- Born: July 29, 1939 South Korea
- Died: March 7, 2019 (aged 79) Silver Lake, Los Angeles, California, U.S.
- Occupation: Businessman
- Spouse: Kil Ja Lee
- Children: 1 son, 2 daughters

= Hi Duk Lee =

Korean-born American businessman (1939–2019)

Hi Duk Lee (July 29, 1939 – March 7, 2019) was a Korean-born American businessman. He owned more than 40 businesses in Koreatown, Los Angeles, including Korean grocery stores, restaurants and a hotel. He became known as the "pioneer" of Koreatown.

==Life==
Lee was born in 1939 in Korea, where his parents were farmers. He studied engineering in Korea and worked in West Germany in 1966–1968. Lee emigrated to the United States in 1968, settling in Los Angeles, California.

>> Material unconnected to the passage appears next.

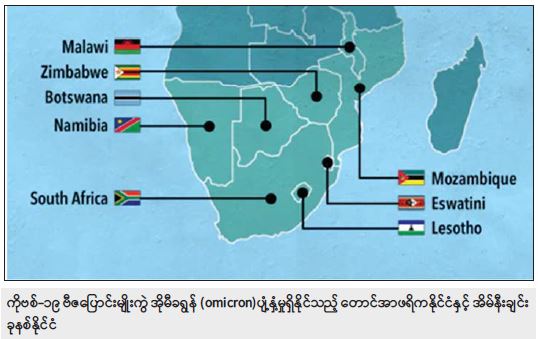 ဖြေ။ ကိုဗစ်-၁၉ ဗီဇပြောင်းမျိုးကွဲ အိုမီခရွန် (omicron) (B.1.1.529) စတင်ရာအဖြစ် အာဖရိကတိုက်၊ တောင်အာဖရိကနိုင်ငံနဲ့ ဘော့ဆွာ နာနိုင်ငံလို့ ကနဦး သိထားရပါတယ်။ စတင် အတည်ပြု တွေ့ရှိရခြင်းအနေနဲ့ နိုဝင်ဘာ ၉ ရက် မှာ တောင်အာဖရိကနိုင်ငံက ရရှိတဲ့ ဓာတ်ခွဲနမူနာ တစ်ခုမှာ တွေ့ခဲ့ရတာ ဖြစ်ပြီး ဒီလိုတွေ့ရှိရမှုကို တောင်အာဖရိကနိုင်ငံက နိုဝင်ဘာ ၂၄ ရက်မှာ ကမ္ဘာ့ကျန်းမာရေး အဖွဲ့ကို သတင်းပေးပို့ခဲ့တာ ဖြစ်တယ်လို့ သိရှိရပါတယ်။ အိုမီခရွန် (omicron) (B.1.1.529) အဖြစ် စတင် တွေ့ရှိအတည်ပြုပြီး (၃၀-၁၁-၂၀၂၁) ရက်နေ့အထိ တောင်အာဖရိက၊ ဘော့ဆွာနာ၊ နယ်သာလန်၊ ပေါ်တူဂီ၊ ယူကေ၊ ဩစတြေးလျ၊ ဂျာမနီ၊ အီတလီ၊ ဟောင်ကောင်၊ ကနေဒါ၊ အစ္စရေး၊ ဒိန်းမတ်၊ ဩစတြီးယား၊ ဆွီဒင်၊ ဘယ်လ်ဂျီယံ၊ ချက်၊ စပိန် တို့ပါဝင်တဲ့ ကမ္ဘာတစ်ဝန်း နိုင်ငံဒေသပေါင်း ၁၇ ခုကို ပျံ့နှံ့ရောက်ရှိနေတာကို အတည်ပြုပြီး ဖြစ်တယ် လို့ သိရပါတယ်။ ဒါ့အပြင် ပြင်သစ်၊ ဖင်လန်၊ ဂျပန်၊ ဆွစ်ဇာလန်စတဲ့ နိုင်ငံတွေကိုလည်း ရောက်ရှိနေနိုင် ဖွယ်ရှိပြီး ကမ္ဘာတစ်ဝန်း အတည်ပြုလူနာ ၁၉၉ ဦးနဲ့ သံသယဖြစ်ဖွယ်လူနာ ၁၃၀၂ဦးအထိ ရှိနေပြီ ဖြစ်ပါ တယ်။ မေး။ အိုမီခရွန် (omicron) (B.1,1,529) မှာ မျိုးဗီဇ ပြောင်းလဲမှုတွေ များနေတာတွေကနေ ဘယ်လိုနောက်ဆက် တွဲဆိုးကျိုးတွေ ဖြစ်လာနိုင်ပါ သလဲ။ ဖြေ။ ဒီလိုဗီဇပြောင်းတာတွေများတဲ့ ကိုဗစ်-၁၉ ရောဂါပိုးအနေနဲ့ ကတော့ မူလ ကိုဗစ်-၁၉ ပိုးရဲ့ ရောဂါကူးစက်ပြန့်ပွား ဖြစ်ပွားစေတဲ့ ပြုမူပုံတွေနဲ့ လုံးဝမတူနိုင်တော့ တာဖြစ်ပါတယ်။ လတ်တလောမှာ သူ့ရဲ့ နောက်ဆက်တွဲဆိုးကျိုးတွေကို ဆက်လက် စောင့်ကြည့်လျက်ရှိပြီး ဖြစ်နိုင်ခြေရှိတဲ့ နောက်ဆက် တွဲဆိုးကျိုးတွေအနေနဲ့ ဆူးချွန်မှာပါရှိတဲ့ ခုခံအား စနစ်အရ အရေးပါတဲ့နေရာတွေမှာ ပြောင်းလဲမှုတွေ ဖြစ်ခြင်းကြောင့် ကာကွယ်ဆေးတွေရဲ့ ထိရောက်မှုကိုလျော့ကျနိုင်စေခြင်း၊ ကိုဗစ်-၁၉ ရောဂါ ဖြစ်ပွားပြီး သူများတွင်လည်း ရောဂါထပ်မံ၍ ဖြစ်ပွားစေနိုင်ခြင်း နှင့် လူလုပ်ပဋိပစ္စည်း (therapeutic monoclonal antibodies) တွေရဲ့ ထိရောက်မှုကိုလည်း လျော့ကျ စေနိုင်ပါတယ်။

Lee developed what came to be known as Koreatown, or "Second Seoul", in Los Angeles. As early as 1971, he built the Olympic Market, "one of the first Korean-owned groceries in Los Angeles", at Olympic Boulevard and Normandie Avenue. He subsequently built over 40 grocery stores and restaurants in Korean Village, as well as the VIP Hotel at 3000 West Olympic Boulevard, but he went bankrupt in 1982.

With his wife Kil Ja, Lee had a son, Roger, and two daughters, Susan and Helen. He died of colon cancer on March 7, 2019, in Silver Lake, at age 79.